Alternatively, for the purpose that the position of the particle
beam B at the time it passes through the second steering
electromagnet 6B coincides with the designed position, the position
thereof at the first position sensor 5F may be corrected so as to
shift from the designed value, by use of the relationship
represented by the equation (5) and values converted through the
excitation value at the first steering electromagnet 6F.
[0045] It goes without saying that an arbitrary device including
various kinds of electromagnets may be inserted into the section
between the first steering electromagnet 6F and the second steering
electromagnet 6B. It is more desirable that in the above method,
arrangement considering the foregoing errors is implemented.

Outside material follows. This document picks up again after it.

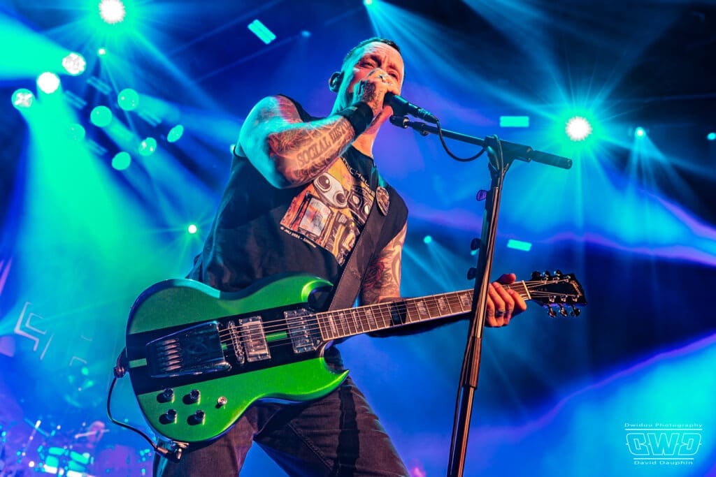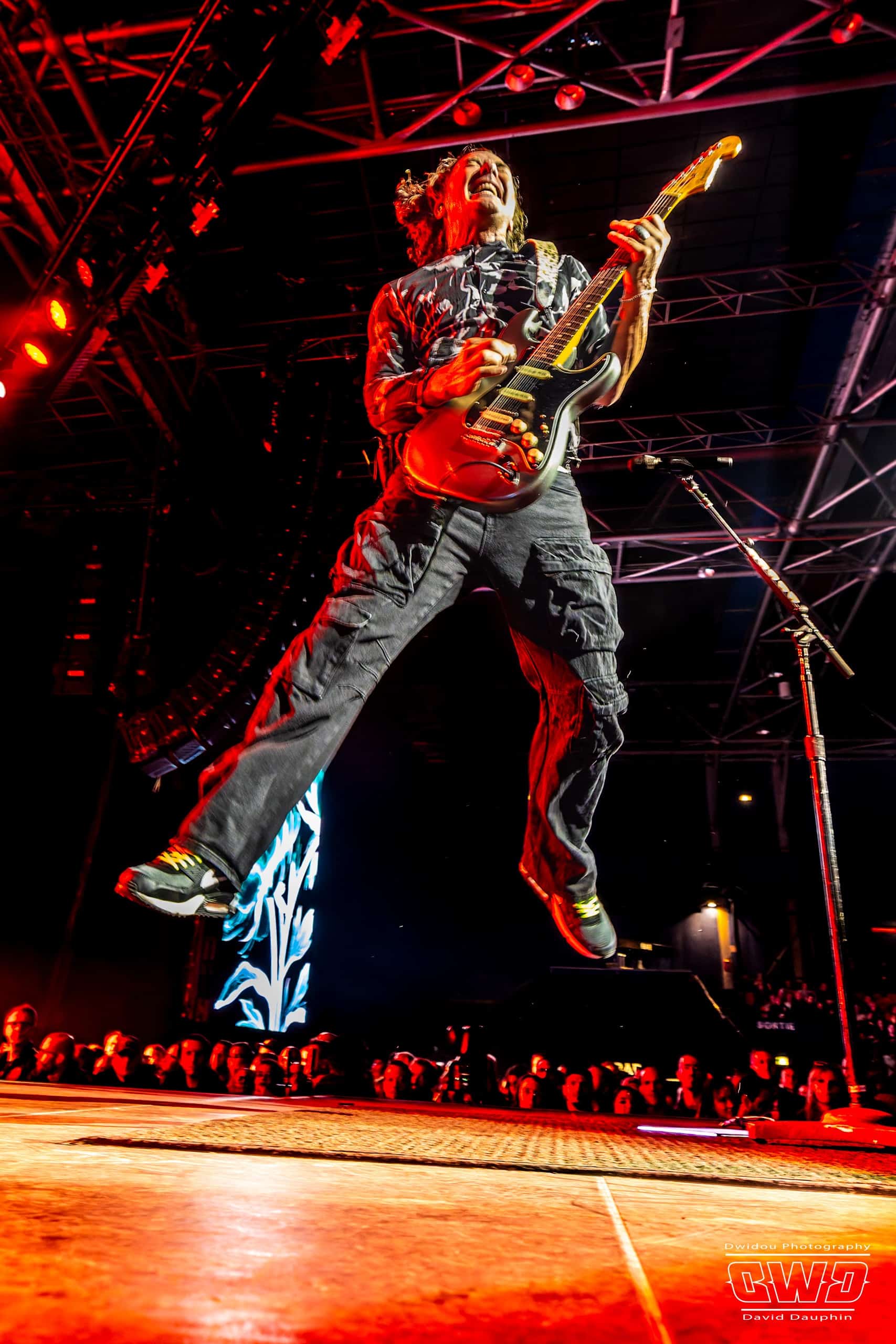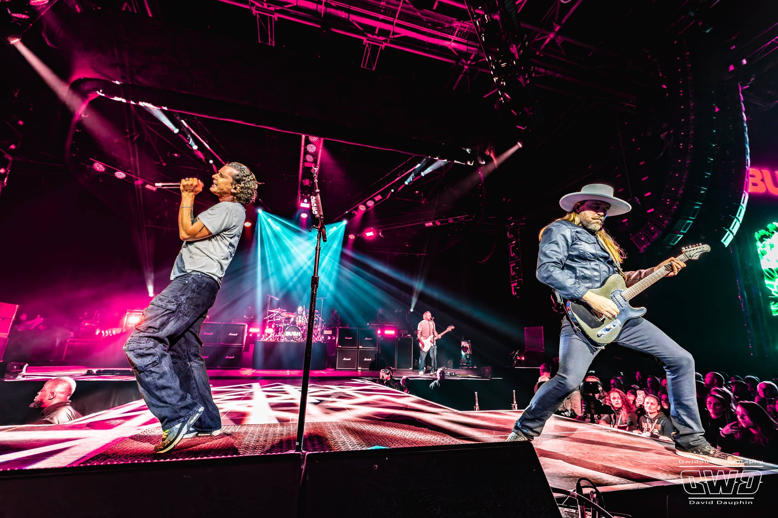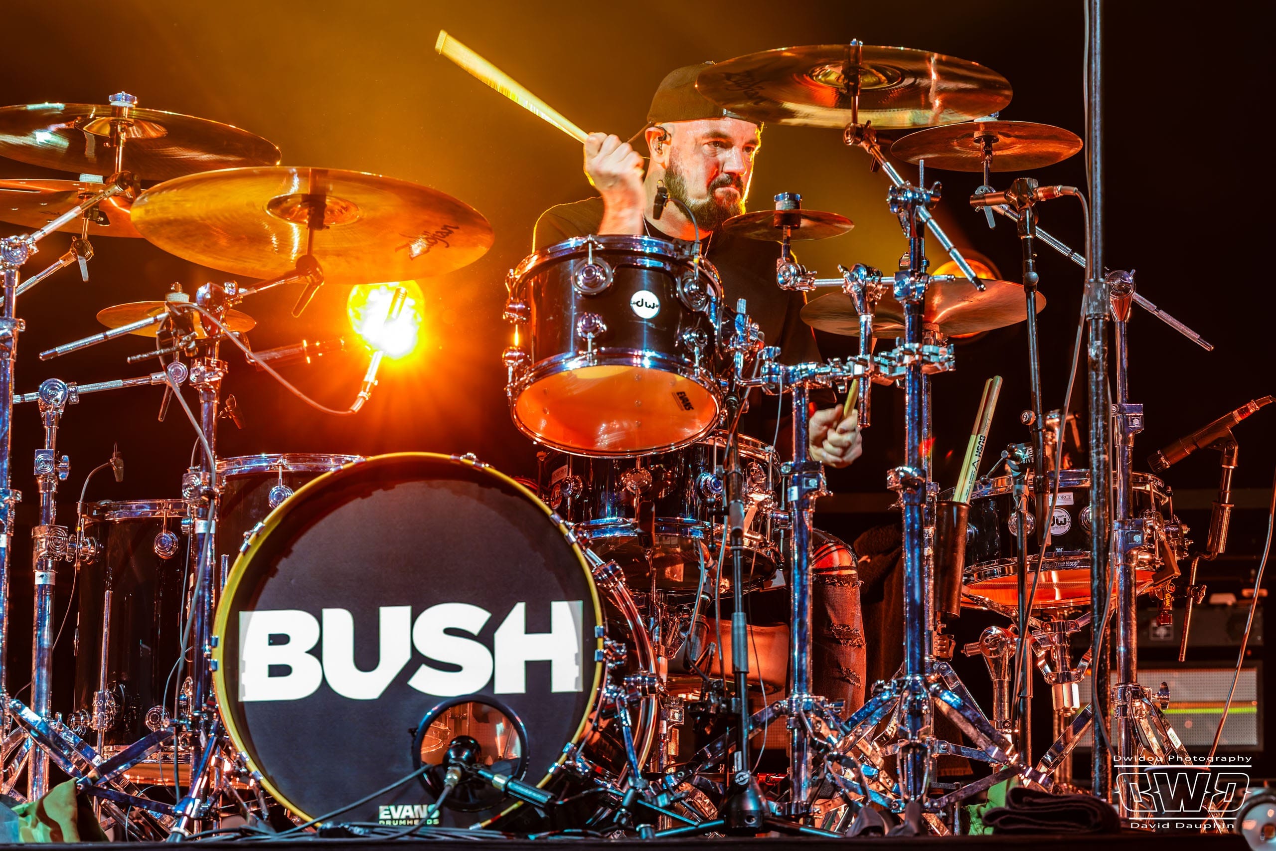 A 19h50 les vétérans de Bush entrent en scène et vont faire monter l’ambiance du Zénith. Arrivés en pleine vague Grunge en 1992, ils sortent leur premier album «Sixteen Stone» en 1993 qui contient leur éternel hit « Everything Zen ». C’est avec ce titre emblématique que le concert débute, et ce sera l’unique témoin de cette époque. En effet le groupe à aujourd’hui 10 albums à son actif et vient nous présenter son petit dernier « I Beat Loneliness » dont trois morceaux seront joués ce soir.

[0046] As described above, the particle therapy apparatus according
to Embodiment 1 has the irradiation device 4 that forms the
particle beam B into an irradiation field corresponding to an
irradiation subject and then irradiates the particle beam B and the
rotating gantry 10 configured in such a way that the particle beam
B is irradiated onto the irradiation subject while the irradiation
device 4 is rotated around the rotation axis X.sub.R; the particle
therapy apparatus is configured in such a way that in the rotating
gantry 10, there is provided a deflection electromagnet (the
entrance-side deflection electromagnet 1) having the deflection
path 1.sub.c for radially deflecting the particle beam B, supplied
along the rotation axis X.sub.R, so as to guide the particle beam B
to the irradiation device 4 and the straight path 1.sub.s that is
switchable with the deflection path 1.sub.c and is to make the
supplied particle beam B travel in a straight manner, in such a way
that there are provided the first position sensor 5F that detects
the trajectory position of the particle beam B to be supplied to
the rotating gantry 10, the first steering electromagnet 6F that is
provided at the upstream side of the first position sensor 5F and
corrects the trajectory position of the particle beam B that passes
through the first position sensor 5F, the second steering
electromagnet 6B that is provided at the downstream side of the
first position sensor 5F and corrects the trajectory gradient
S.sub.B of the particle beam B whose trajectory position has been
corrected by the first steering electromagnet 6F, and the second
position sensor 5B that is provided at a position that is at the
downstream side of the second steering electromagnet 6B and a
predetermine distance L.sub.S away from the second steering
electromagnet 6B and that detects the trajectory position of the
particle beam B so as to correct the trajectory gradient S.sub.B
caused by the second steering electromagnet 6B, and in such a way
as to include the trajectory correcting devices (5 and 6) in which
the first position sensor 5F and the second position sensor 5B are
arranged along the rotation axis X.sub.R so as to flank a
deflection electromagnet (the entrance-side deflection
electromagnet 1). As a result, even when the entrance-side straight
distance of the rotating gantry is shortened, the distance L.sub.S
between the second steering electromagnet 6B and the second
position sensor 5B can be secured by a predetermined distance;
therefore, the plant is suppressed from becoming excessively large,
and the accuracy of the gradient S.sub.B of the particle beam B is
raised; thus, a particle therapy apparatus that can deliver an
accurate and appropriate dose can be obtained.
Embodiment 2
[0047] In Embodiment 2, the arrangement order, in Embodiment 1, of
the beam position sensors and the steering electromagnets included
in the trajectory correcting devices is partially changed. FIG. 3
is to explain a particle therapy apparatus according to Embodiment
2; FIG. 3 is a view illustrating the arrangement of major devices
in the vicinity of a rotating gantry in the particle therapy
apparatus, and is to explain the configuration of a device for
correcting the trajectory of a particle beam to be supplied to the
rotating gantry. In FIG. 3, constituent elements that are the same
as those in Embodiment 1 are designated by the same reference
characters, and the detailed explanations therefor will be omitted.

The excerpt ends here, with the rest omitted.